■ **EXTRACTED MATERIAL**:
■ ■ ■ ■
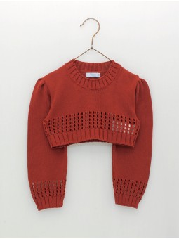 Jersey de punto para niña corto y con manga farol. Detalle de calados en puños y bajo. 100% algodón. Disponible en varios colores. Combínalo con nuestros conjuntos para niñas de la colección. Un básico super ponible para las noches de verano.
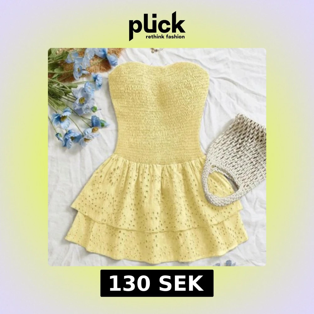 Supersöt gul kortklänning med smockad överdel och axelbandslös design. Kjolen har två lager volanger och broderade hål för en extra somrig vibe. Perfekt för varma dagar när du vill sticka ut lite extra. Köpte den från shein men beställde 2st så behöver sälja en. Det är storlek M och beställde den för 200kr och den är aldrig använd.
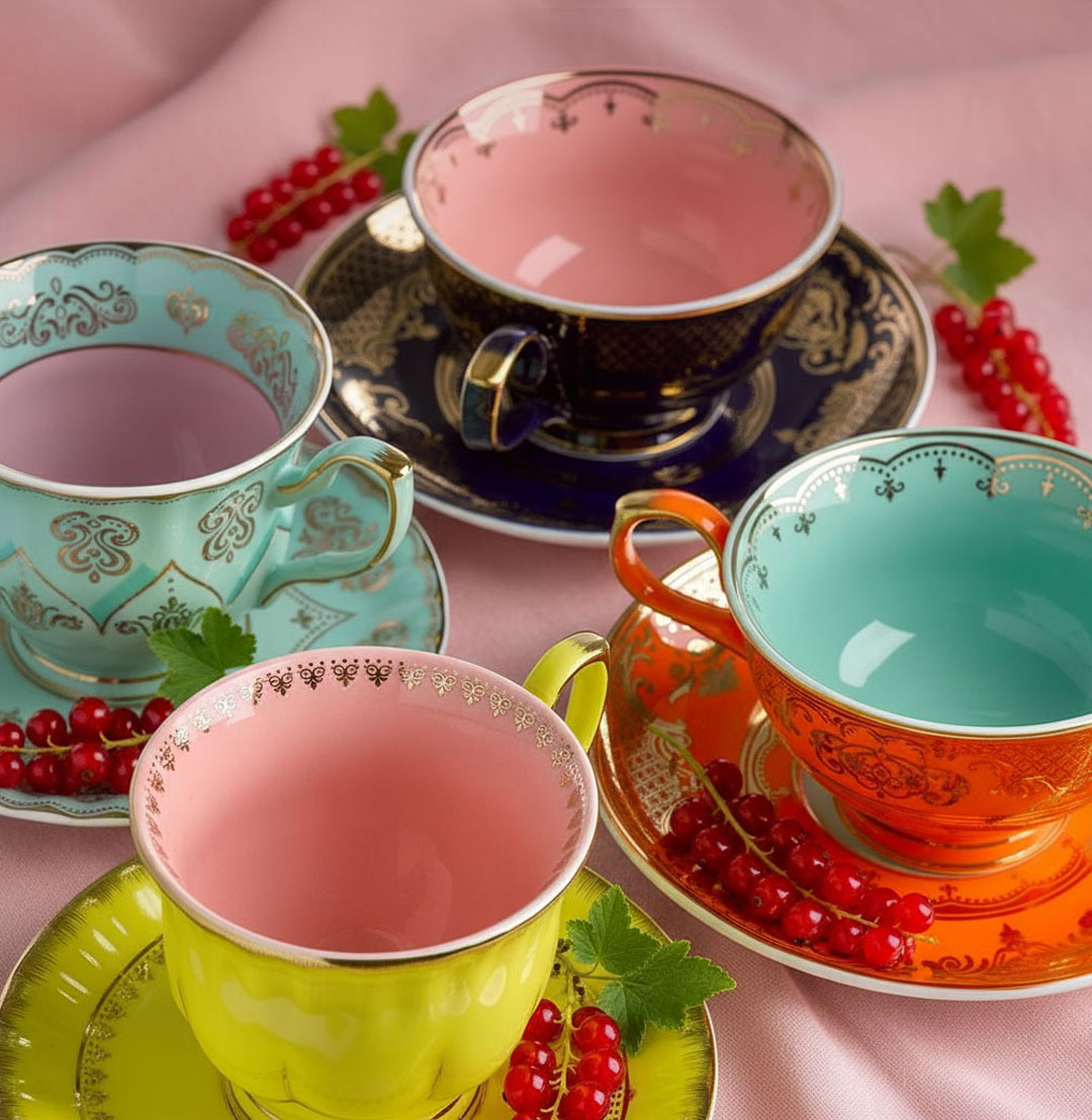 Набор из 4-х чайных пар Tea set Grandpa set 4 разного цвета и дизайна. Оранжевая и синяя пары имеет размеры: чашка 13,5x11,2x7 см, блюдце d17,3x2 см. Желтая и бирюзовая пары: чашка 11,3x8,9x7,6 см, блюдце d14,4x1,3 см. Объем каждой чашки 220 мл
■ ■ ■ ■
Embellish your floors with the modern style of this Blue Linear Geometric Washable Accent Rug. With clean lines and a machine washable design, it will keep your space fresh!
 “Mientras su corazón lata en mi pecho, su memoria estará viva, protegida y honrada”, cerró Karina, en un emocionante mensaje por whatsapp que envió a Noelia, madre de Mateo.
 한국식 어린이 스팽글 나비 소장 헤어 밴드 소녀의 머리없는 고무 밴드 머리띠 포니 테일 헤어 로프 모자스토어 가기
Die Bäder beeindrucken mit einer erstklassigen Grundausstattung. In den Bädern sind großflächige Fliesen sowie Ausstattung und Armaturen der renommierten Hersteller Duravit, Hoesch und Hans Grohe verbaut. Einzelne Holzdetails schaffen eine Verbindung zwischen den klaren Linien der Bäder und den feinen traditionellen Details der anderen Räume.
■ ■ ■ ■
■ **PROBLEM DETAILS**:
In the listing above, find the line with "madre de Mateo." and the line with "Die Bäder beeindrucken", then print exactly those two lines and every line between them, and nothing more.

■ **RESPONSE**:
 “Mientras su corazón lata en mi pecho, su memoria estará viva, protegida y honrada”, cerró Karina, en un emocionante mensaje por whatsapp que envió a Noelia, madre de Mateo.
 한국식 어린이 스팽글 나비 소장 헤어 밴드 소녀의 머리없는 고무 밴드 머리띠 포니 테일 헤어 로프 모자스토어 가기
Die Bäder beeindrucken mit einer erstklassigen Grundausstattung. In den Bädern sind großflächige Fliesen sowie Ausstattung und Armaturen der renommierten Hersteller Duravit, Hoesch und Hans Grohe verbaut. Einzelne Holzdetails schaffen eine Verbindung zwischen den klaren Linien der Bäder und den feinen traditionellen Details der anderen Räume.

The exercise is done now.